Rigid. Black and white.
After all, there is always truth on the one hand, and madness or folly on the other.
When it comes to Article III issues, therefore, I have made no secret of my disdain for defendants using a motion to dismiss for lack of standing as a vehicle to raise substantive merits defenses.
Yes, I know that it can sometimes allow a Defendant to preview a critical substantive defense at the pleadings stage–before evidence is generally permitted to be submitted to the court–but it is simply intellectually unpure. The issue in such cases is not whether the Plaintiff has standing to sue–he or she claims o have a valid claim–the issue is that the Plaintiff actually does not have a winning case.
But losing cases are brought in court all the time–see every case ever filed against any of my clients. 😉 Kidding. Sort of.
Anyway the point is, just because the Plaintiff lacks a meritorious claim does not mean that the Plaintiff lacks the ability to have that claim heard in court. Indeed, having a bad claim resolved on the merits is actually in the Defendant’s favor–it assures res judicata effect (i.e. that the Defendant cannot be sued again on the same claims.)
While the divide between merits and standing issues is wide and obvious–in my mind at least–when it comes to individual claims, I will confess things get murky in the depths of class litigation where the claims of unnamed class members are under consideration, as the new decision in Lackawanna Chiropractic P.C. v. Tivity Health Support, LLC, 18-CV-649-LJV-JJM, 2021 U.S. Dist. LEXIS 162860 (W.D.N.Y. August 27, 2021) highlights.

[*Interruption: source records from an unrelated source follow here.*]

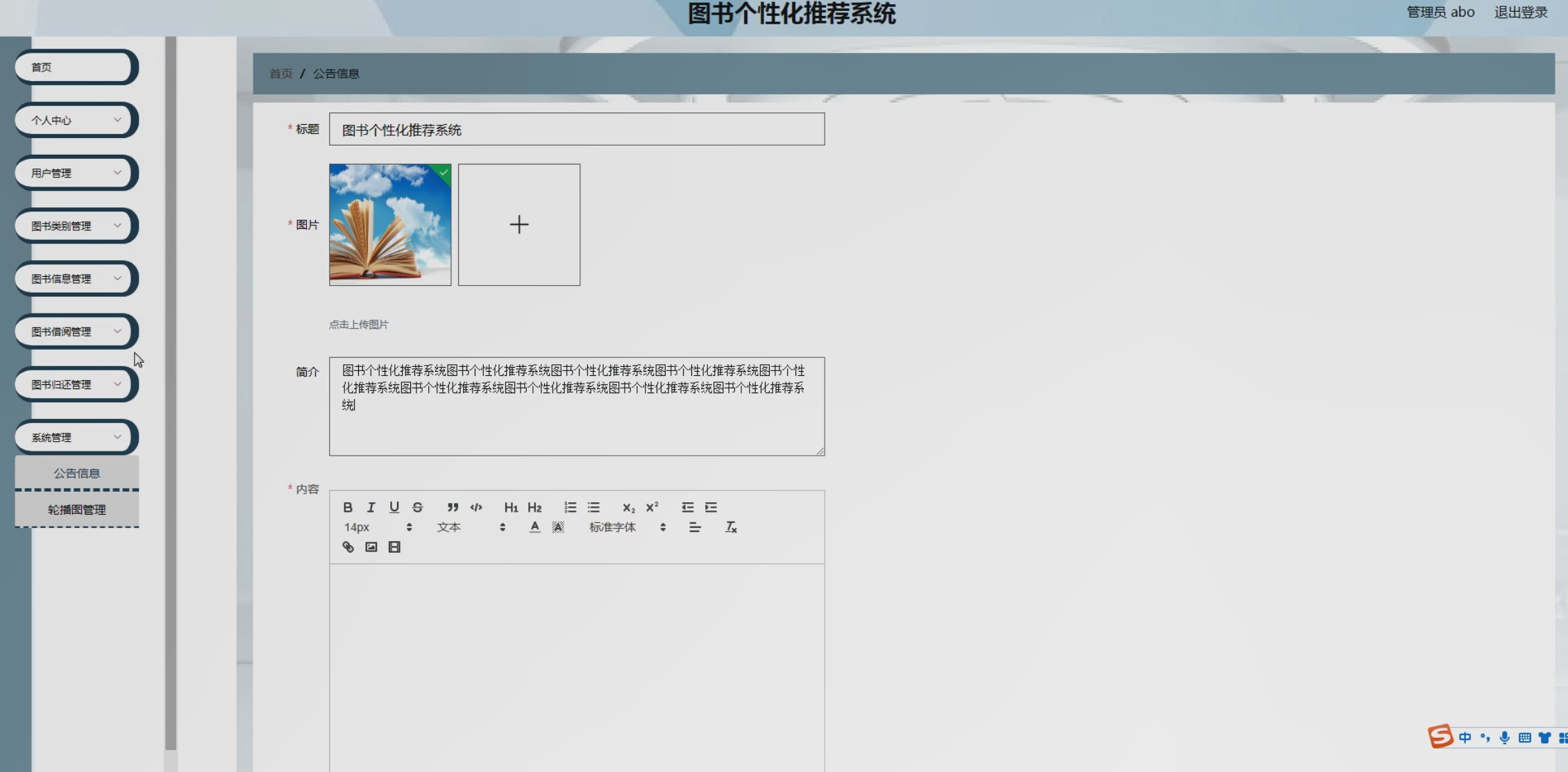- 推荐算法设计:结合协同过滤(基于用户/物品)与内容过滤(基于图书类别、关键词),解决冷启动问题。
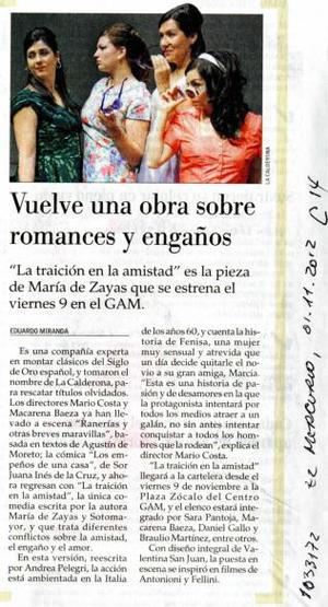 Vuelve una obra sobre romances y engaños [artículo] Eduardo Miranda El Mercurio (Diario : Santiago, Chile)-- nov. 01, 2012, p. C14 .
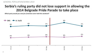 26. 26. 26 Serbia’s ruling party did not lose support in allowing the 2014 Belgrade Pride Parade to take place GENERAL POPULATION/SERBIA 2014 24% 26% 26% 26% 27% 46% 48% 47% 54% 47% 14-Jul 14-Aug 14-Sep 14-Oct 14-Nov SNS A. Vučić Which party would you vote for if elections were held this weekend?
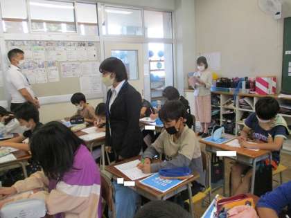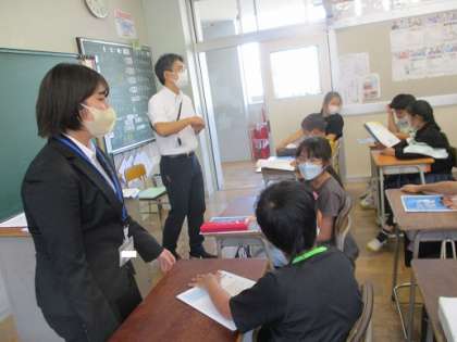 5年生は保健体育で「心の健康」について学習を進めています。今日は、教育実習生と学級担任がティームティーチングで子供たちの学びを支援しました。なお、この授業は教育実習生の研修授業として行い、大学教授も参観されました。

There the Magistrate Judge had denied preliminary approval to a settlement class concluding that the class included individuals who did not actually receive the faxes at issue and, therefore, lacked standing to sue. Since the parties presented no plan to sort out the class members with standing from those without standing the Magistrate Judge reasoned the settlement must be rejected and denied certification.
The district court, however, disagreed concluding that actual receipt of the fax was a merits issue. It was enough to establish standing that the class members were claiming to have received a fax–whether or not they did was a separate issue to be determined based upon evidence at trial.
Now I want to agree with this ruling, but admittedly the concepts here boggle even my pristinely-analytic mind. And the real issue is the fiction right at the heart of all class litigation–that the unnamed class member (who likely has no idea they are involved in the suit) is somehow pursuing a claim that the class representative wants to be pursued.
So imagine you are in the class of people that the Plaintiff claims received a fax without consent. But in reality you didn’t receive the fax. Or you did consent. No matter. The unreality (i.e. fiction) is that you are suing the Defendant–even though you’re not–claiming that you did receive a fax–even though you didn’t–and that you didn’t consent–even though you did.
Hence, even though you’re not suing, you are. And on a claim you don’t actually have.
And because you are claiming to have received a fax you didn’t receive–and didn’t really claim you had received it– you have standing to sue, even though you didn’t want to sue and–in reality–aren’t suing. And the fact that you lack a valid claim is irrelevant from a standing perspective– sure you’d have lost your dog of a case at trial, but that won’t stop a class action lawyer from bringing the claim anyway and then settling it and pocketing a bunch of money in fees on the claim you never brought.
And this is why I have dedicated my career to defeating class actions. (Indeed, once I kill the TCPA outright I think I’m going to move on to taking out Rule 23 in its entirety. But that’s a different story.)
So again–the divide between merits and standing is still pure and real and sensical (yes, that’s a word) if you accept the central fiction of class litigation in the first instance–that someone who isn’t suing or claiming to have a claim they don’t have is actually doing both of those things.
Of course I reject that entire premise. But the courts are fine with it. As the Lackawanna Chiropractic P.C. decision perfectly demonstrates.